COVID Misinfo. Mostly just flailing today to make up for my highly productive yesterday

GOES

  • I got asynchronous mode working:
    write_options = WriteOptions(batch_size=200,
                                 flush_interval=1000,
                                 jitter_interval=0,
                                 retry_interval=1000)
    write_api = client.write_api(write_options=write_options)
    for i in range(len(self.measurement_list)):
        t = self.measurement_list[i]
        p = Point(self.name).field(self.keyfield, t[0]).time(t[1])
        for key, val in self.tags_dict.items():
            p.tag(key, val)
        write_api.write(bucket=bucket_name, record=p)
        print("to_influx {}".format(p.to_line_protocol()))
    write_api.__del__()
  • I had a scare that I was dropping data silently, but it was just outside of the time window for the query
  • Weird problem with tags.

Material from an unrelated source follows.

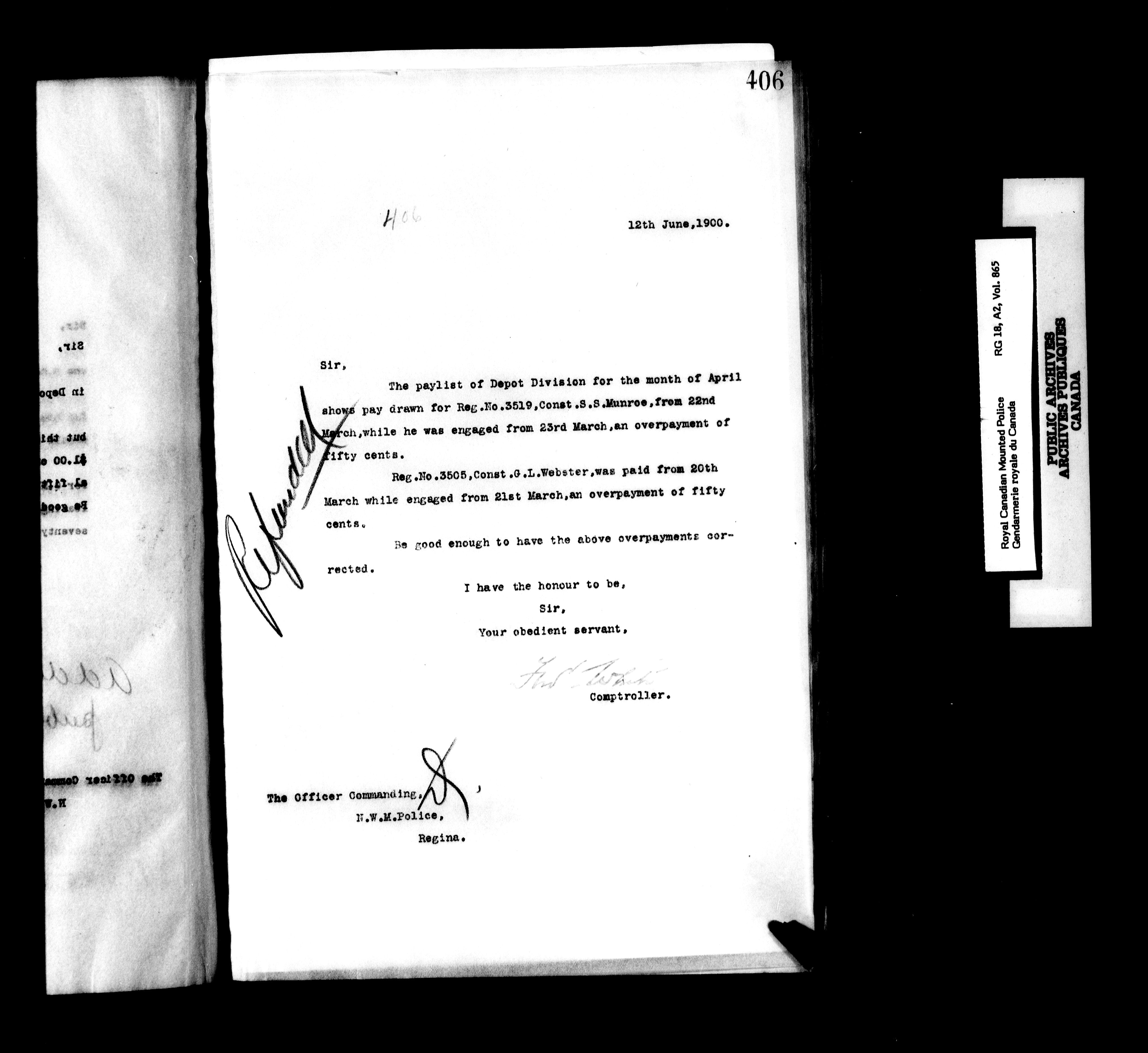 Royal Canadian Mounted Police, Office of the Comptroller : Letterbooks, 1883-1919 : T-6247

It appears that the value part can’t be unique for every row? I wanted to label samples uniquely, but it seems to corrupt the read somehow
  • Queries
  • Work with Biruh to figure out his Influx issues? Nope, ghosted for now
  • 11:00 IRAD Meeting
  • 2:00 NOAA Meeting
    • Just status. Clearly everything is sliding

Phil 4.8.20

D20:

  • Talk to Zach about chart size bug?
    • Yes! The charts are fixed. We also went through the rest of the punch list.
    • Had to update the json file to handle date and other meta information
  • We are going to need a top level dashboard, something like number of countries in the DANGER, WARNING, and CONTROLLED buckets

COVID Twitter

  • Continue getting spreadsheets ingested.
  • Got the first one in, trying all of them now. Had to remember about INSERT IGNORE
  • It’s chugging along!

GOES

  • Got the db behaving! influxWithData
  • The first and most important thing is that you have to multiply unixtime by 1,000,000,000 for it to work. Got that from this page in the 1.7 guide
  • Second is how tags can be added in code:
    p = Point(self.name).field(self.keyfield, t[0]).time(t[1])
    for key, val in self.tags_dict.items():
        p.tag(key, val)

    That’s pretty nice.

  • Another nice feature that I discovered looking through the code is that there is a to_line_protocol() method, which produces correct lines. It looks like the InfluxDB parser doesn’t like spaces. Here’s an example of correct lines that I am reading in:
    measure_1,tagKey_1=tagValue_11,tagKey_2=tagValue_12,tagKey_3=tagValue_13 val_1=0.0 1586352302000000000
    measure_1,tagKey_1=tagValue_11,tagKey_2=tagValue_12,tagKey_3=tagValue_13 val_1=0.09983341664682815 1586352312000000000
    measure_1,tagKey_1=tagValue_11,tagKey_2=tagValue_12,tagKey_3=tagValue_13 val_1=0.19866933079506122 1586352322000000000
    measure_1,tagKey_1=tagValue_11,tagKey_2=tagValue_12,tagKey_3=tagValue_13 val_1=0.29552020666133955 1586352332000000000
    measure_1,tagKey_1=tagValue_11,tagKey_2=tagValue_12,tagKey_3=tagValue_13 val_1=0.3894183423086505 1586352342000000000
    measure_1,tagKey_1=tagValue_11,tagKey_2=tagValue_12,tagKey_3=tagValue_13 val_1=0.479425538604203 1586352352000000000

    The reason that I’m reading in data is that the direct, SYNCHRONOUS writes to the database are pretty slow. Looking into that.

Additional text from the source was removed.